Think of it like this: it’s a numerical score for “how far off the weather forecast was from the actual weather.”

Large value → the model is very wrong → it needs to change a lot.


Step 2: “The Force Driving Change” — The Gradient

The force for change is the gradient of the KL divergence.

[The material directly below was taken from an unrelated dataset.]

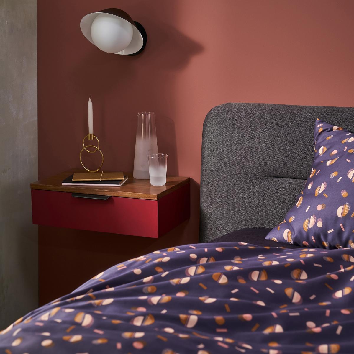 The Valga wall shelf with drawer. With a clean and minimalist style, this bedside table brings a colourful decorative touch to your bedroom.

Just as a ball rolls down the steepest slope of a hill, the AI moves in the direction that “reduces its wrongness the fastest.”

$$\text{Force} = -\nabla_\theta D_{KL}(p | q_\theta)$$

The minus sign means “the direction that reduces wrongness.” We’re going downhill, not uphill.


Step 3: “Resistance to Change” — The Fisher Information Matrix

Here comes the core concept of information geometry: the Fisher Information Matrix.

$$F_{ij}(\theta) = E_{q_\theta}\left[\frac{\partial \log q_\theta(x)}{\partial \theta_i} \cdot \frac{\partial \log q_\theta(x)}{\partial \theta_j}\right]$$

If the formula feels intimidating, think of it this way:

“If we nudge the model’s parameters just slightly, how sensitively do the predictions change?”

  • Large Fisher information → small parameter changes cause big prediction shifts → “rigid state” → resists change
  • Small Fisher information → parameter changes barely affect predictions → “flexible state” → changes easily

It plays the same role as mass ($m$) in physics. Just as heavier objects are harder to push, models with large Fisher information resist change.


Step 4: Putting It All Together — Natural Gradient Descent

Combining these three elements like Newton’s law, we get the core equation of AI learning:

$$\Delta\theta = -F(\theta)^{-1} \nabla_\theta D_{KL}(p | q_\theta)$$

PhysicsInformation GeometryMeaning
Acceleration $a$Parameter change $\Delta\theta$The actual change that occurs
Force $F$KL divergence gradient $\nabla D_{KL}$The driving force behind change
Inverse mass $1/m$Inverse Fisher matrix $F^{-1}$Flexibility to change

This is Natural Gradient Descent: the method of learning along “the most efficient path in information space.”


Standard Gradient Descent vs Natural Gradient Descent

Standard gradient descent (SGD) simply moves in the “steepest direction.” But this depends on the coordinate system of the parameter space. The same problem can lead to different directions if you change the coordinates.

Natural gradient descent moves in the “informationally most efficient direction.” It always finds the optimal path regardless of the coordinate system.


graph TD
    A["Current Model State"] --> B{"Which direction?"}
    B -->|"Standard SGD"| C["Steepest in\nparameter space"]
    B -->|"Natural Gradient"| D["Most efficient in\ninformation space"]
    C --> E["Path depends on\ncoordinate system"]
    D --> F["Always the\nshortest path"]

To use an analogy: standard SGD walks along the grid lines of a map, while natural gradient descent considers the actual terrain to find the fastest route.


Where Is This Actually Used?

This isn’t abstract theory. It’s actively used in real AI systems:

  • TRPO/PPO (Reinforcement Learning): core algorithms for robot control and game AI
  • Adam Optimizer: the most widely used deep learning optimizer incorporates an approximation of Fisher information in its design

Key Takeaway

What information geometry ultimately tells us is this:

“The learning speed ($\Delta\theta$) of a system is proportional to the gradient of information mismatch ($\nabla D_{KL}$), adjusted by the structural stability of the predictive model ($F$).”

Just as physics’ $F=ma$ describes the motion of objects, information geometry’s natural gradient equation describes the “motion of intelligence.” It provides a unified mathematical framework for understanding biological adaptation, neural network learning, and the evolution of all predictive systems.